Machine Learning / Reinforcement Learning Infrastructure Engineer

Posted Yesterday
Be an Early Applicant
Boston, MA, USA
In-Office
Mid level
Artificial Intelligence • Computer Vision • Hardware • Logistics • Machine Learning • Robotics • Automation
The Era of Superhuman Robotics.
The Role
Design, implement, and maintain large-scale ML/RL training infrastructure: job orchestration, scheduling, checkpointing, experiment tracking, developer tooling, distributed training, and resource management for cloud compute.
Summary Generated by Built In

Eka Robotics

Eka Robotics is on a mission to build intelligence for the physical world - robots that are fast, general, and reliable. Our approach, grounded in physics, unlocks superhuman capabilities. We are defining the frontier of robotics research and deployment.

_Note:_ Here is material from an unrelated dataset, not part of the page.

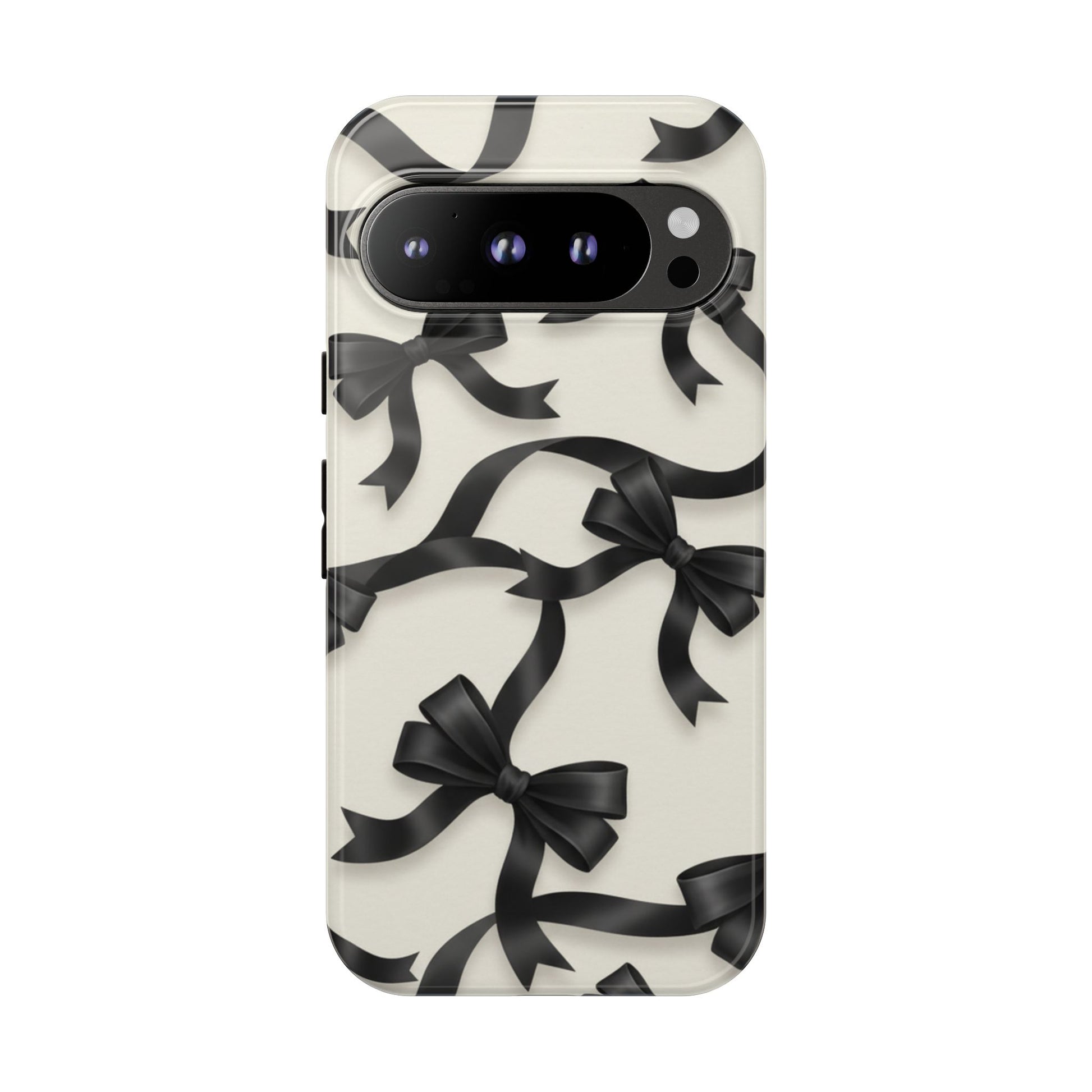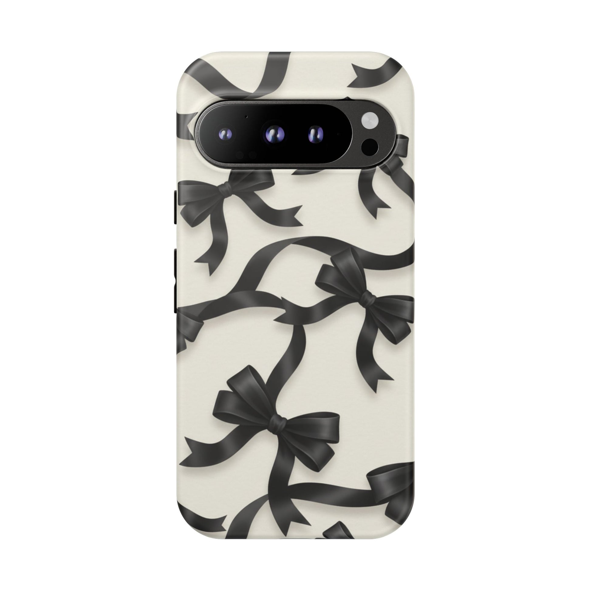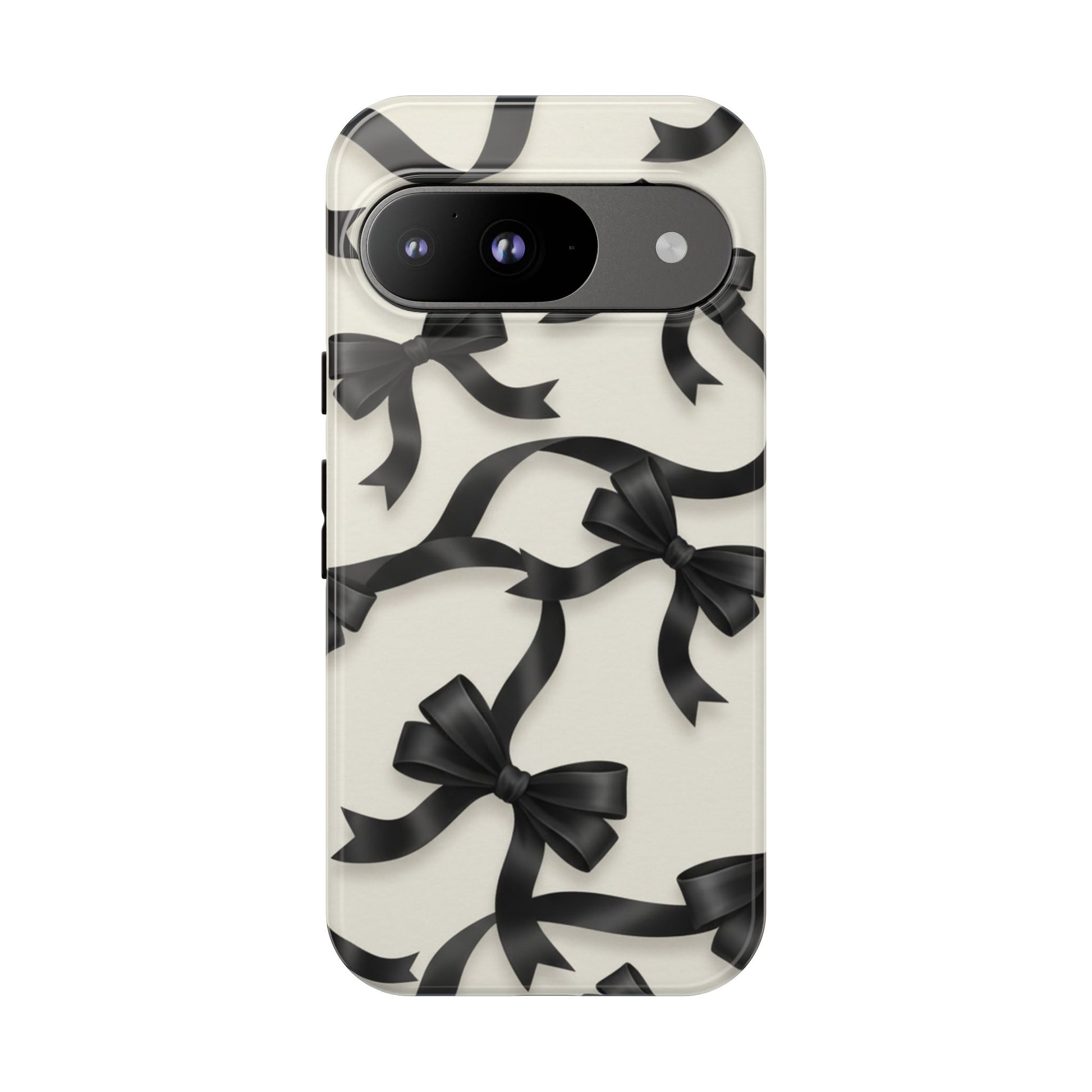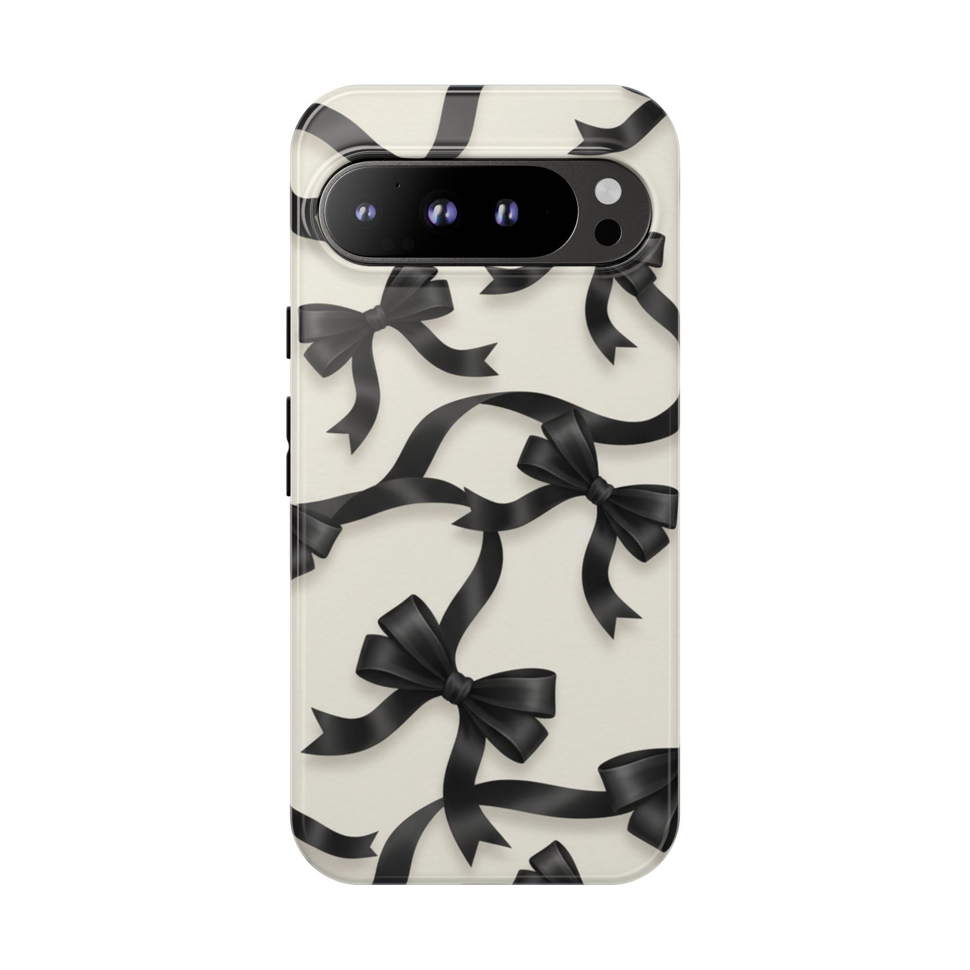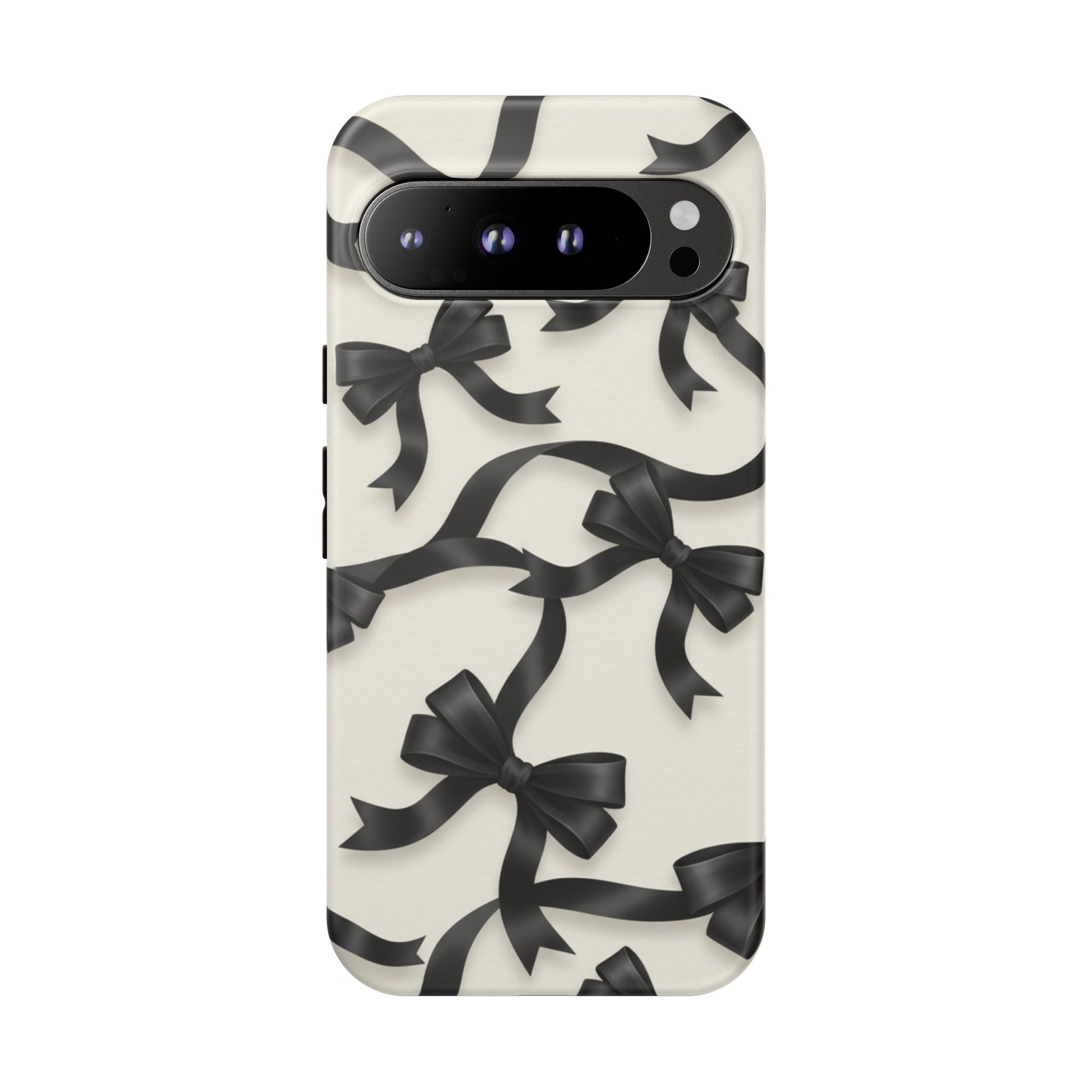 Add a touch of understated elegance to your everyday carry with this black ribbon bow phone case. Featuring flowing satin-style bows on a soft neutral background, this design blends vintage charm with modern minimalism for a look that’s both feminine and refined.

Our team consists of pioneers in robotics and machine learning. We are now hiring to scale our R&D effort. We are looking for hands-on individuals who are excited to help shape the future of robotics.

The Role

We are looking for a Reinforcement/Machine Learning Infrastructure Engineer to shape our training infrastructure. In this role, you will be responsible for designing, implementing, and maintaining the large-scale model training systems that power our next generation of robot learning.

We believe that world-class infrastructure is the foundation for moving research into production. You will focus on building an exceptional developer experience, creating intuitive and efficient tooling that our engineers and scientists love to use. Your work will directly accelerate our research cycles, making it effortless to test new ideas and scale successful experiments into production training runs. You will work closely with researchers to ensure our infrastructure scales seamlessly from prototyping to large-scale distributed training.

This is a hands-on, high-impact role at the intersection of machine learning, software engineering, and scalable infrastructure.

Responsibilities

  • Own Training Infrastructure: Design, implement, and maintain robust systems for large-scale model training, including job orchestration, scheduling, checkpointing, and experiment tracking.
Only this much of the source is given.